* **Your instructions**
Your answer should contain only the lines from the top of the data below down through the one with "buluntusu Türklere ait", transcribed exactly and without pictures; please include nothing more.
--- Data extracts Enclosed Below ---
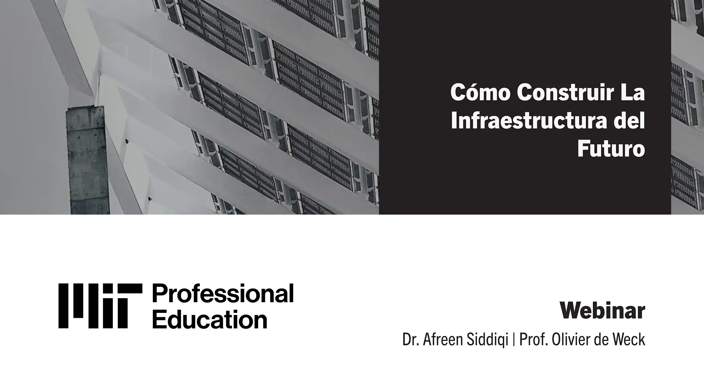 Vuelve a ver este webinar presentado por la Dr. Afreen Siddiqi y el profesor de sistemas de ingeniería del MIT, Olivier de Weck. Los dos expertos se unen para discutir varios de los asuntos actuales relacionados con el desarrollo de Infraestructuras Sostenibles. Juntos aplican un enfoque con vista al futuro, y hablan sobre los países que lideran el mundo en iniciativas sostenibles, los desafíos geopolíticos y económicos innatos de implementar políticas reformistas, el uso evolutivo de los recursos globales de nuestro planeta, la logística del transporte, los matices de centralización versus descentralización, y más.
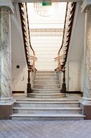 Deze marmeren trap die in tweeën splitst in een oud herenhuis
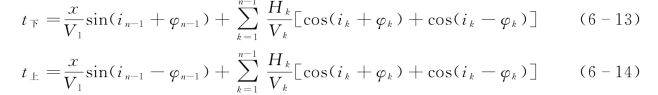 式中:x为炮检距;Vk为各层波速;Hk为相应各层的垂直厚度(Hk=hk/cosφk);ik为射线在各层界面的入射角;φk为各层界面的倾角,如图6-9所示。
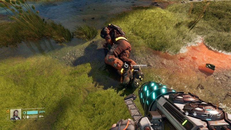 主角存在死亡机制,生命值缩减时会死亡,缺水时也会死亡。水边能够采集到白色果子,此果子用于补水,出生点重生舱附近有两处可获取药物。
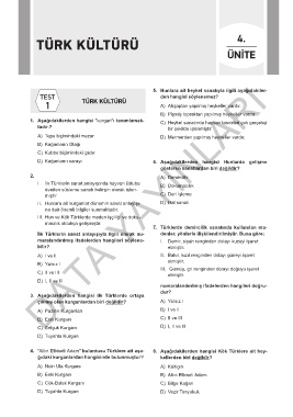 4. "Altın Elbiseli Adam" buluntusu Türklere ait aşa- 8. Aşağıdakilerden hangisi Kök Türklere ait hey-
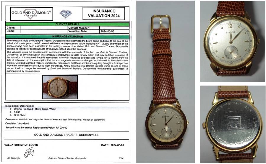 Men's Tissot Gold Plated Watch (A 280) with Valuation Certificate
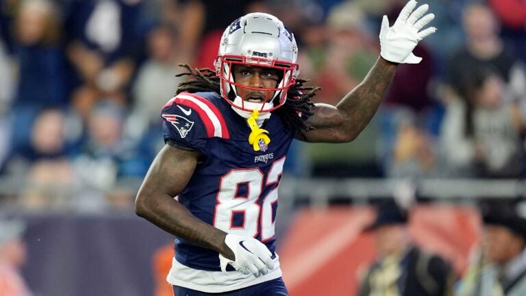 Receptor dos Patriots JaQuae Jackson deixou o jogo de pré-temporada de quinta-feira contra os Eagles com uma lesão na perna sofrida no quarto período.
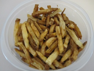 This (leftover fries from Five Guys Burgers and Fries — who can eat a whole side of these?)
--- End of Enclosed Data extracts ---
* **Written answer**
 Vuelve a ver este webinar presentado por la Dr. Afreen Siddiqi y el profesor de sistemas de ingeniería del MIT, Olivier de Weck. Los dos expertos se unen para discutir varios de los asuntos actuales relacionados con el desarrollo de Infraestructuras Sostenibles. Juntos aplican un enfoque con vista al futuro, y hablan sobre los países que lideran el mundo en iniciativas sostenibles, los desafíos geopolíticos y económicos innatos de implementar políticas reformistas, el uso evolutivo de los recursos globales de nuestro planeta, la logística del transporte, los matices de centralización versus descentralización, y más.
 Deze marmeren trap die in tweeën splitst in een oud herenhuis
 式中:x为炮检距;Vk为各层波速;Hk为相应各层的垂直厚度(Hk=hk/cosφk);ik为射线在各层界面的入射角;φk为各层界面的倾角,如图6-9所示。
 主角存在死亡机制,生命值缩减时会死亡,缺水时也会死亡。水边能够采集到白色果子,此果子用于补水,出生点重生舱附近有两处可获取药物。
 4. "Altın Elbiseli Adam" buluntusu Türklere ait aşa- 8. Aşağıdakilerden hangisi Kök Türklere ait hey-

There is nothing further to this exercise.